— Provided material —
>>>

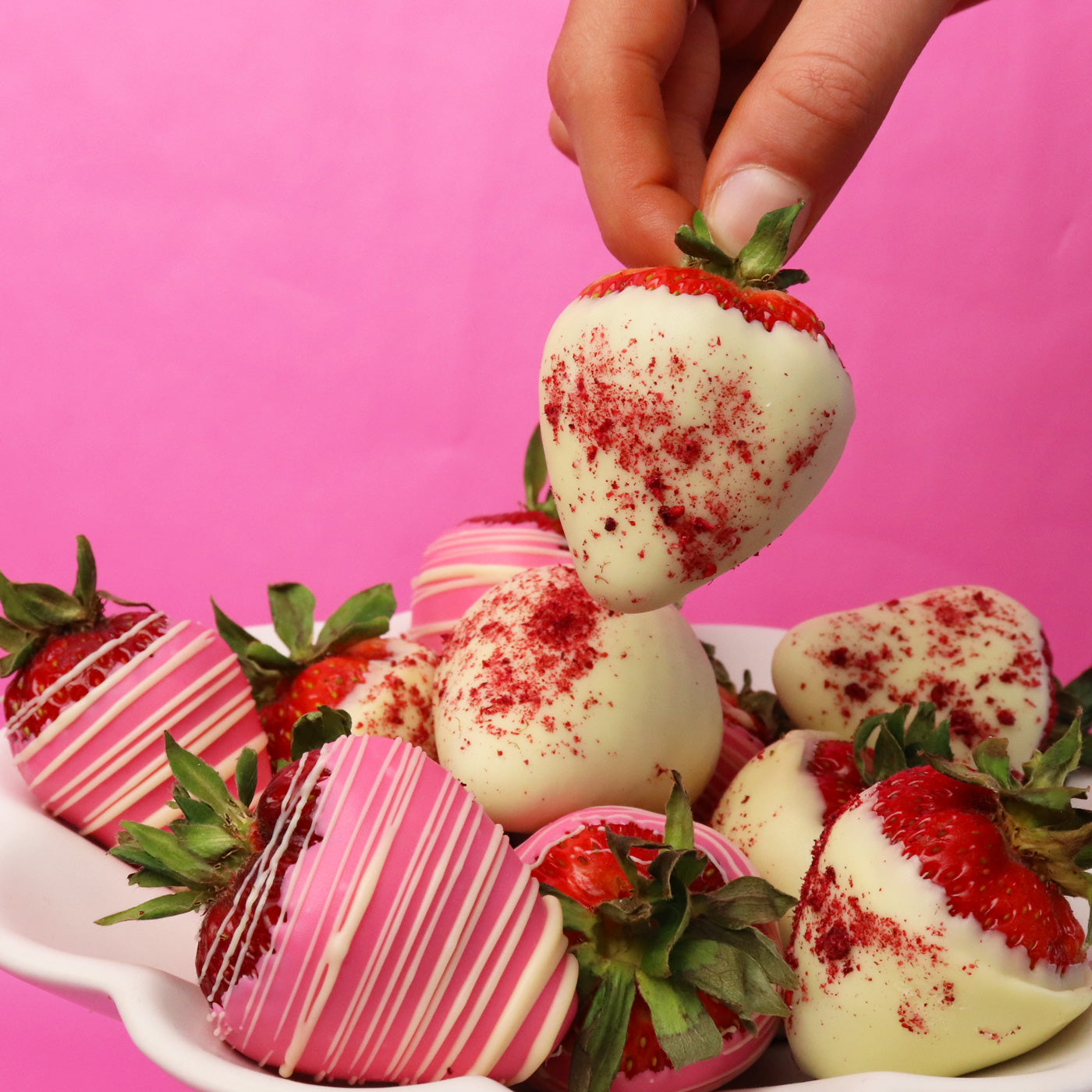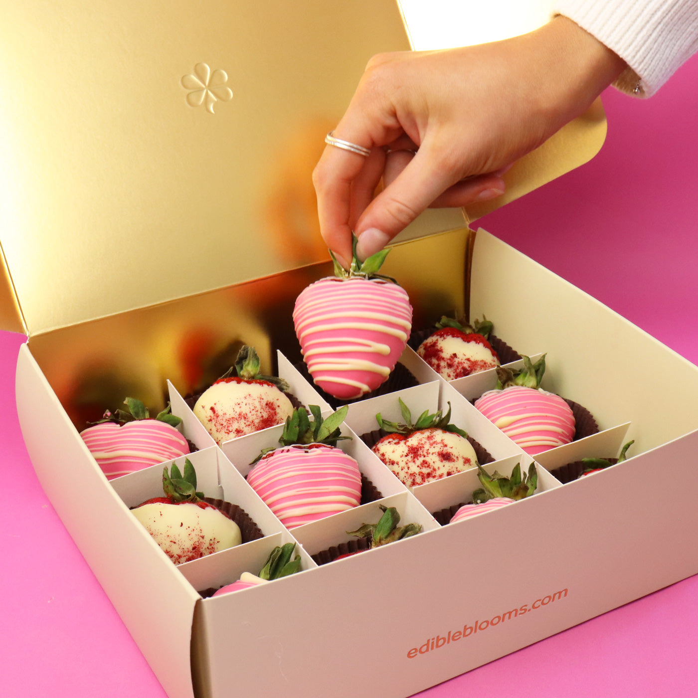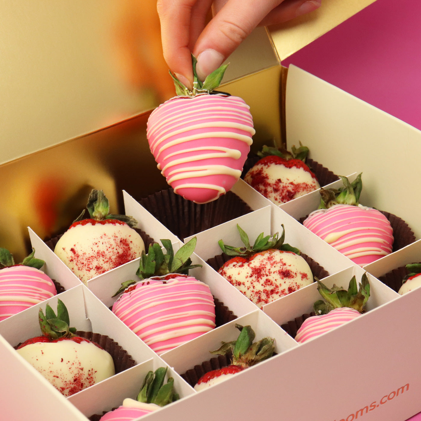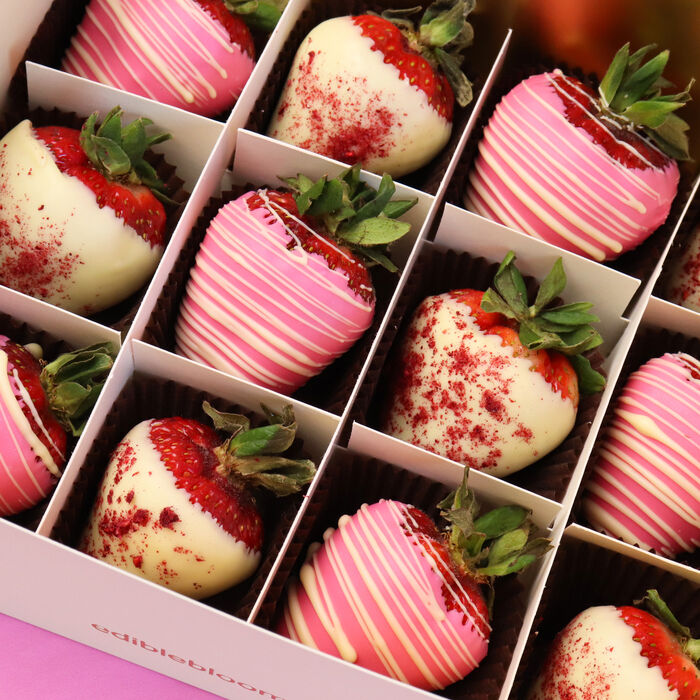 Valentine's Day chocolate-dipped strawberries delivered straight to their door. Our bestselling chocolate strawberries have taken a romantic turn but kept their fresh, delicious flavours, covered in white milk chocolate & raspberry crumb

<<<
>>>

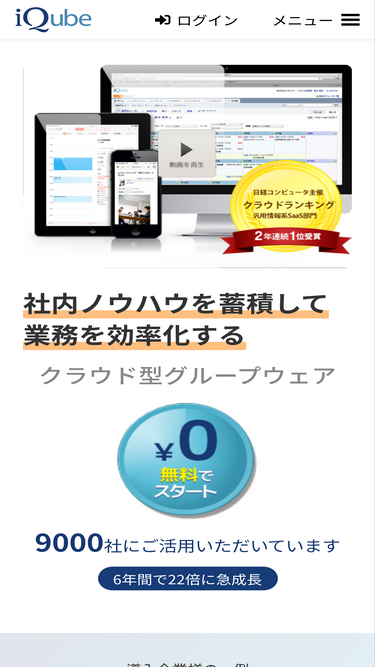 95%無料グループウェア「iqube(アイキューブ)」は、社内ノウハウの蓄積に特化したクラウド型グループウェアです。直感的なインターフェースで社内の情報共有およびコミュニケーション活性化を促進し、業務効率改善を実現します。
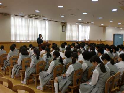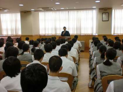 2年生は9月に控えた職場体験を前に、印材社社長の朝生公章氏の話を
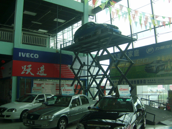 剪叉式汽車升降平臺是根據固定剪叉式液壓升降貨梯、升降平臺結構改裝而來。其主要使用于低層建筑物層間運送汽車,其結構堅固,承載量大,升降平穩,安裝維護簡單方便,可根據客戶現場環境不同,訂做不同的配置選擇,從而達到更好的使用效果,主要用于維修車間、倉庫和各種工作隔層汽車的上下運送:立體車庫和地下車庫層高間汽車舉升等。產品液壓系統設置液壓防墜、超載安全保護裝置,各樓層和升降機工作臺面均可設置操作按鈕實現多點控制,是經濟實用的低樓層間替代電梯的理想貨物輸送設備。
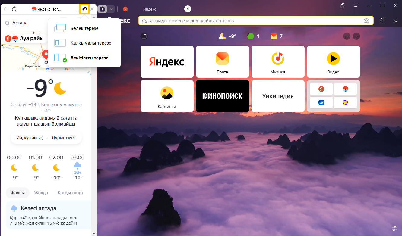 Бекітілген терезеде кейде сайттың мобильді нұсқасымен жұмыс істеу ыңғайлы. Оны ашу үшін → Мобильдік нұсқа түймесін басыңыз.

<<<

— Try it —
All that is wanted is the lines above between the one containing "剪叉式汽車升降平臺是根據固定" and the one containing "Бекітілген терезеде кейде", inclusive, restated word for word, with pictures omitted.

— Result of the task —
 剪叉式汽車升降平臺是根據固定剪叉式液壓升降貨梯、升降平臺結構改裝而來。其主要使用于低層建筑物層間運送汽車,其結構堅固,承載量大,升降平穩,安裝維護簡單方便,可根據客戶現場環境不同,訂做不同的配置選擇,從而達到更好的使用效果,主要用于維修車間、倉庫和各種工作隔層汽車的上下運送:立體車庫和地下車庫層高間汽車舉升等。產品液壓系統設置液壓防墜、超載安全保護裝置,各樓層和升降機工作臺面均可設置操作按鈕實現多點控制,是經濟實用的低樓層間替代電梯的理想貨物輸送設備。
 Бекітілген терезеде кейде сайттың мобильді нұсқасымен жұмыс істеу ыңғайлы. Оны ашу үшін → Мобильдік нұсқа түймесін басыңыз.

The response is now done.